### Stored data

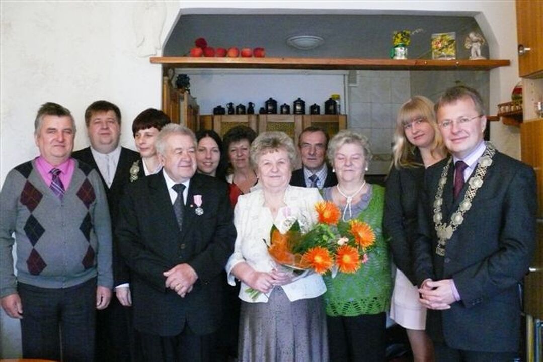 Z tej okazji Arkadiusz Klimowicz - burmistrz miasta Darłowo w asyście Haliny Gałuszka -kierownika Urzędu Stanu Cywilnego odwiedzili jubilatów i złożyli im życzenia, kwiaty i gratulacje. Burmistrz w imieniu Prezydenta RP odznaczył oboje medalami Za Długoletnie Pożycie Małżeńskie oraz złożył dostojnym jubilatom serdeczne życzenia jeszcze długich lat w zdrowiu i szczęściu.
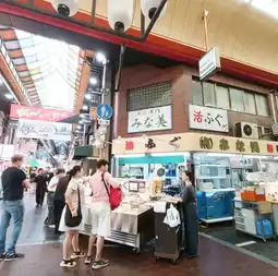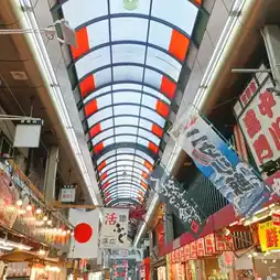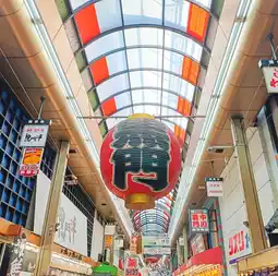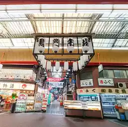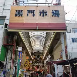 Kuromon Market is a shopping street in Nihonbashi, Osaka, with about 180 stores stretching from east to west
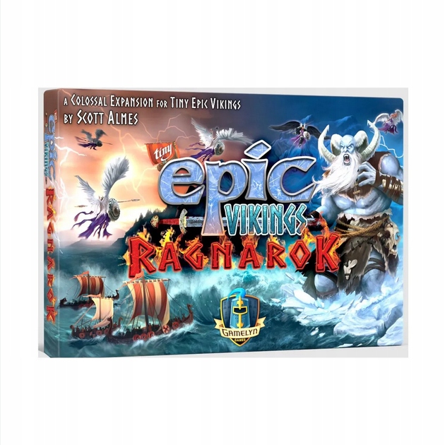 Tiny Epic Vikings: Ragnarök, тобі доведеться відточувати свої сокири та навички, досліджуючи нові острови та на власні очі переживаючи битву Гігантів (Jötunn) проти Богів і хитрості Валькірій. Доповнення Ragnarök представляє Гігантів, які контролюватимуть острови та послаблять лють бога. Він також представляє Валькірій і Вбивць велетнів, які об’єднаються з вашими вікінгами, щоб битися з Гігантами! Набір також включає 6 нових богів, які ще більше розширять стратегії та різноманітність Tiny Epic Vikings!
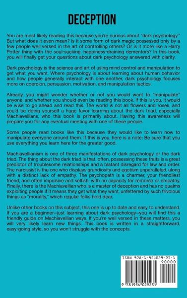 If you want to discover how some people always seem to get away with lies and manipulation, then keep reading... Have you ever found yourself in a situation where you always feel like you're out of control? Do you feel like a puppet-like someone else is always pulling your strings? Do you wonder why you continue to fall for lies and why you're so easily manipulated? Have you ever wondered how you can get the people who deceive and lie to you to quit? This book will show you how Machiavellian people are adept at hiding the truth from you, and how they manipulate, persuade, and negotiate with other people. Here's what you're going to learn:The dreaded dark triad of psychology. The actual meaning of Machiavellianism. The way a Machiavellian's mind works so that you'll never fall for their schemes again. Revealed: the dirty, nasty, manipulative tricks that Machiavellians use when negotiating with you. The kinds of people most likely to lie to you. Never before seen tips and tricks to catch a liar in a lie. The body language of a liar. The ways you can counter all the tricks that a Machiavellian can throw at you. The 21 principles of persuasion and how you can be as persuasive as your opponents. The difference between persuasion and manipulation. Who the target of a Machiavellian is-and how not to be a sucker. With this incredibly handy guidebook, you will finally feel like you have the upper hand when dealing with Machiavellians-and any situation where you need to be persuasive or negotiate. This book is full of stories, practical advice, and revealing information that helps you learn just how dark a Machiavellian's mind is, and how you can shield yourself from their ploys. From business to politics, to your personal life, never again will you be the victim, sucker, or fool. Scroll up and click the "add to cart" button to learn more about deception!

### Work item
Exactly as they stand, set down the lines from the start of the material through the line with "Tiny Epic Vikings: Ragnarök, тобі", both ends included, omitting the pictures.

### Answer section
 Z tej okazji Arkadiusz Klimowicz - burmistrz miasta Darłowo w asyście Haliny Gałuszka -kierownika Urzędu Stanu Cywilnego odwiedzili jubilatów i złożyli im życzenia, kwiaty i gratulacje. Burmistrz w imieniu Prezydenta RP odznaczył oboje medalami Za Długoletnie Pożycie Małżeńskie oraz złożył dostojnym jubilatom serdeczne życzenia jeszcze długich lat w zdrowiu i szczęściu.
 Kuromon Market is a shopping street in Nihonbashi, Osaka, with about 180 stores stretching from east to west
 Tiny Epic Vikings: Ragnarök, тобі доведеться відточувати свої сокири та навички, досліджуючи нові острови та на власні очі переживаючи битву Гігантів (Jötunn) проти Богів і хитрості Валькірій. Доповнення Ragnarök представляє Гігантів, які контролюватимуть острови та послаблять лють бога. Він також представляє Валькірій і Вбивць велетнів, які об’єднаються з вашими вікінгами, щоб битися з Гігантами! Набір також включає 6 нових богів, які ще більше розширять стратегії та різноманітність Tiny Epic Vikings!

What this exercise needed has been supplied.